• [Dataset content]
- - -

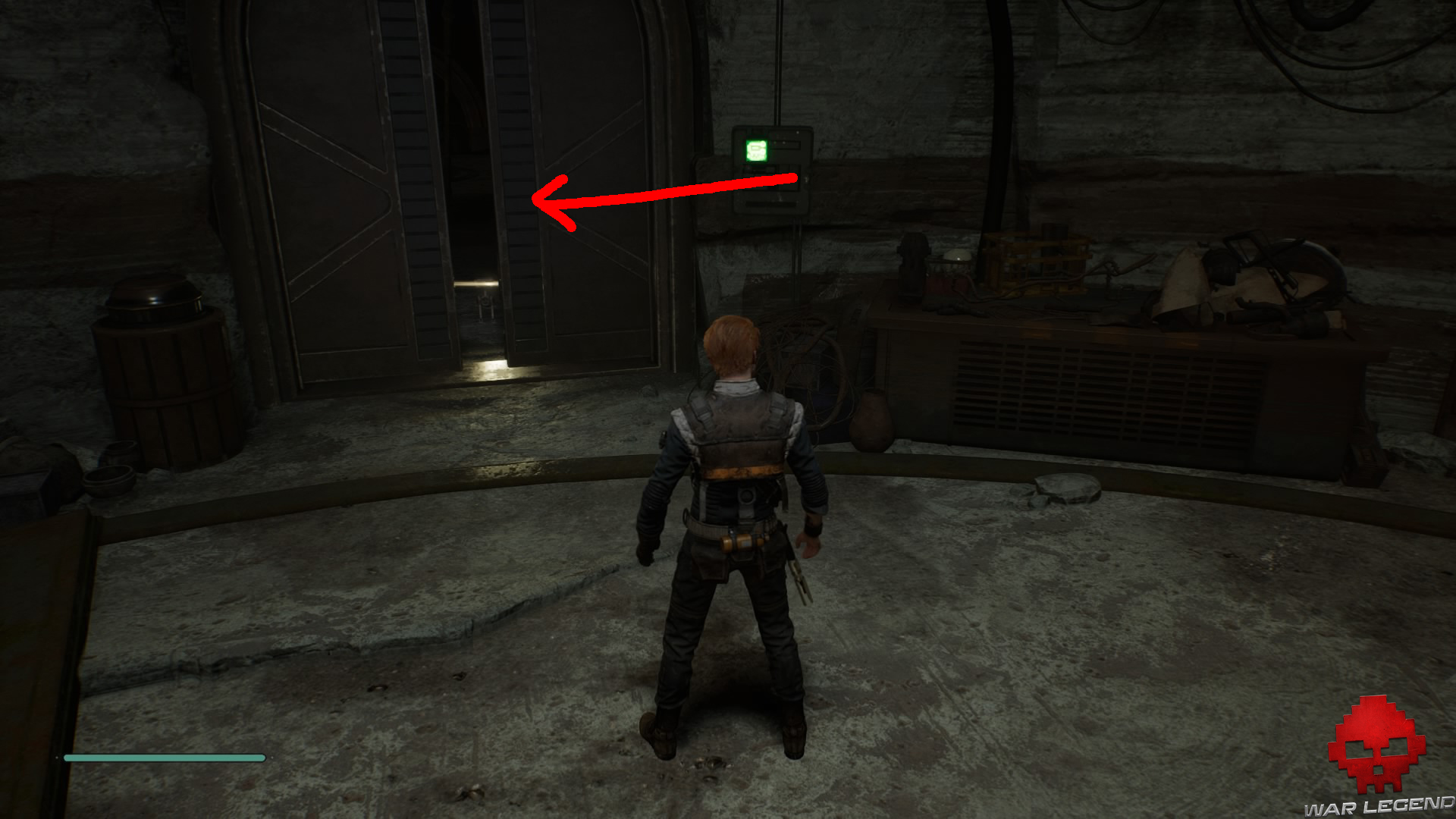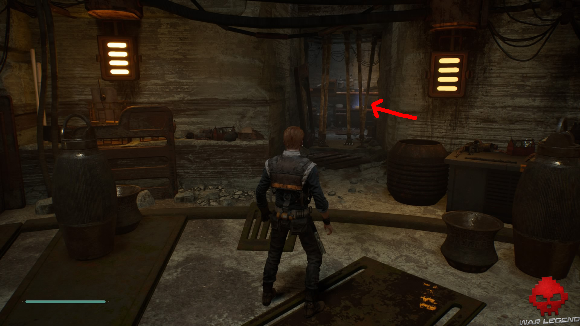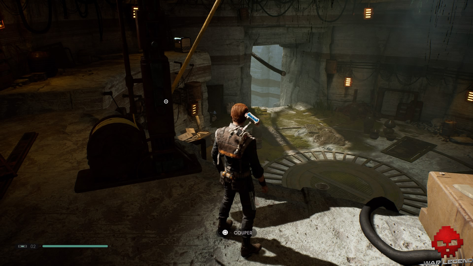 Arrivée devant l’immense fossile, laissez-vous tomber sur la gauche, puis ouvrez la porte afin de débloquer un raccourci vers l’atelier abandonné (vous débloquerez au passage l’accès à la planète Dathomir).
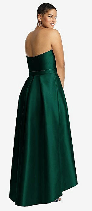 Strapless Deep Ruffle Hem Satin High Low Dress with Pockets in evergreen
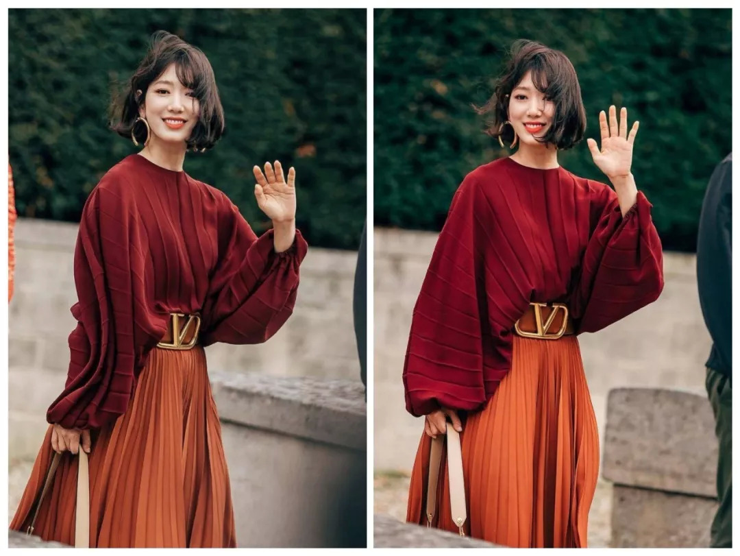 朴信惠时装周刚穿了一条,来自2019 春夏系列。标志性压褶、宫廷风主教袖,配上Valentino专属红色,高贵典雅~

- - -

• [Assignment]
Please set down exactly the lines from the first line of the data above through the line with "Strapless Deep Ruffle", both included, leaving out the pictures.

• [Answer to this problem]
 Arrivée devant l’immense fossile, laissez-vous tomber sur la gauche, puis ouvrez la porte afin de débloquer un raccourci vers l’atelier abandonné (vous débloquerez au passage l’accès à la planète Dathomir).
 Strapless Deep Ruffle Hem Satin High Low Dress with Pockets in evergreen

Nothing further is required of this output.